Захоти эта девица подобраться ко мне через постель, я бы еще мог понять. Но использовать запретную магию через ребенка? Гадина!
Допросные показались в конце коридора, и я ускорил шаг, но тут на моем пути возник Себ.
– Третье покушение, Райн! – воскликнул седовласый герцог Марирский. – Третье покушение за месяц! А ты еще даже не стал королем!
Себастиан – первый королевский советник, а еще друг моего отца, поэтому я остановился и мрачно ответил:
– Ничего не поделаешь, я пользуюсь популярностью.
– Это не шутки!
– А я разве шучу, Себ? Отставка Гориана должна была держаться в секрете, так какого гьерда я не могу шагу ступить, чтобы меня не пытались отравить, заколоть или разорвать на части?!
Либо отвлечь (а после приложить алой схемой) девицы с пышными прелестями.
От моего тона Себастиан пошел красными пятнами и кивнул мне на дверь в кабинет начальника Тайной канцелярии.
Вообще-то покушений было не три, а четыре. Сегодня – два одновременно. Учитывая, что с тех пор, как король стал сдавать, меня пытались убить уже несколько раз, я перестал верить в подобные совпадения. Сегодня кто-то явно старался отвлечь внимание маджера с помощью бомбы, а потом подобраться ко мне с помощью этой девицы. И ведь почти подобрался!

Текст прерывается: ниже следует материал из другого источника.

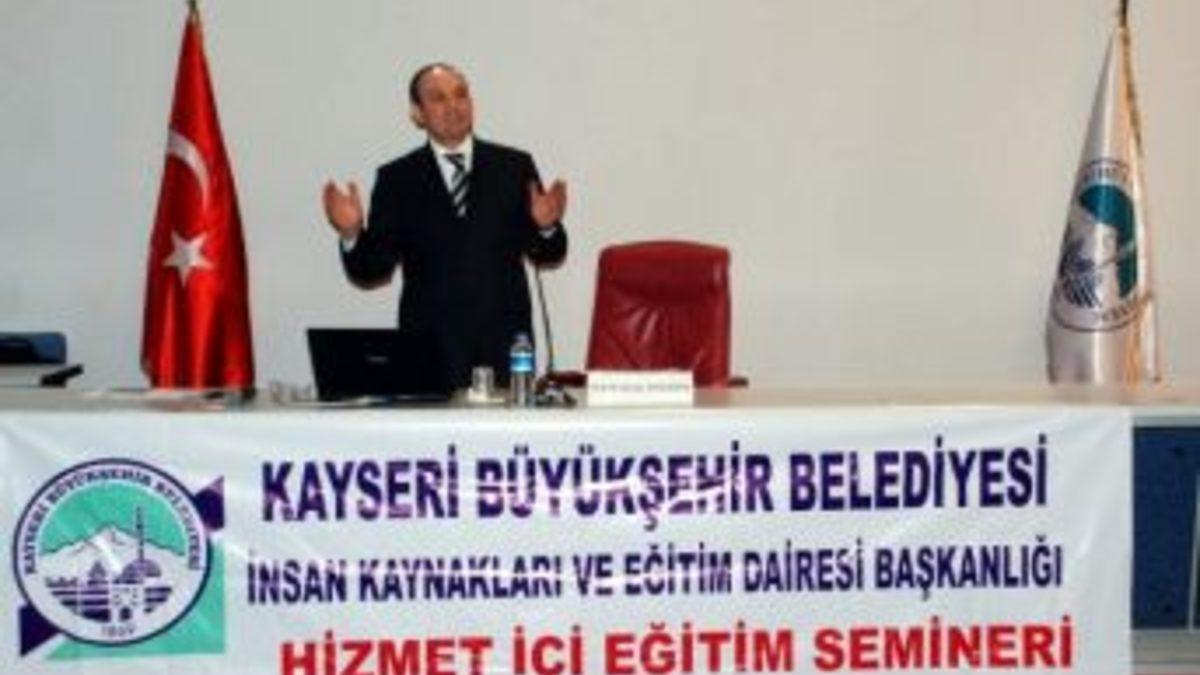 Kayseri Büyükşehir Belediyesi İnsan Kaynakları ve Eğitim Dairesi Başkanlığı tarafından belediyede görevli şube müdürleri ve şeflere yönelik hizmet içi eğitim semineri düzenlendi. ''Ekip Ruhu ve Takım Çalışması'' başlıklı seminerin konuşmacısı, Marmara Üniversitesi Siyasal Bilgiler Fakültesi Dekanı Prof. Dr. Recep Bozlağan oldu.

Этому кому-то очень не хочется, чтобы я взошел на престол.
– Информация о твоей коронации держится в секрете, – поджал губы первый советник.
– Поэтому о ней знает вся Барельвица?
– Гориан болен, это известно многим, а ты единственный, кто достоин занять его место.
– Не единственный.
Ответить Себастиан не успел: наш разговор прервало появление Рэстриджа, владельца кабинета. Тощего, с зализанными волосами и с почти прозрачными глазами типа.
– Ваша светлость, – он склонил голову, – мы все узнали про эри Алисию Армсвилл. Она сейчас находится в допросной комнате.
Алисия.
Я мысленно повторил ее имя, понимая, что оно идеально легло в образ.
– Покажите, – приказываю я.
Рэстридж кивает и чертит в воздухе лиловый узор, похожий на пустую раму для картины – заклинание видения. Как только добавлен последний завиток, пространство внутри рамки вспыхивает и идет рябью, а после показывает рыжую, сидящую на стуле посреди комнаты.
Обычная практика Тайной канцелярии – оставить арестованного в одиночестве на несколько часов и заставить нервничать. Но по лицу эри Армсвилл было сложно сказать, нервничает она или нет. Она сидела, будто королева на троне во время дворцового праздника. В случае, когда этикет позволяет откинуться на спинку и расположиться поудобнее. При этом вид у нее был не испуганный, а скучающий.
Притворяется или действительно спокойна?
На чем же ее взяли? Ради чего она на это пошла?!
Я так сильно сжал кулаки, что хрустнули пальцы.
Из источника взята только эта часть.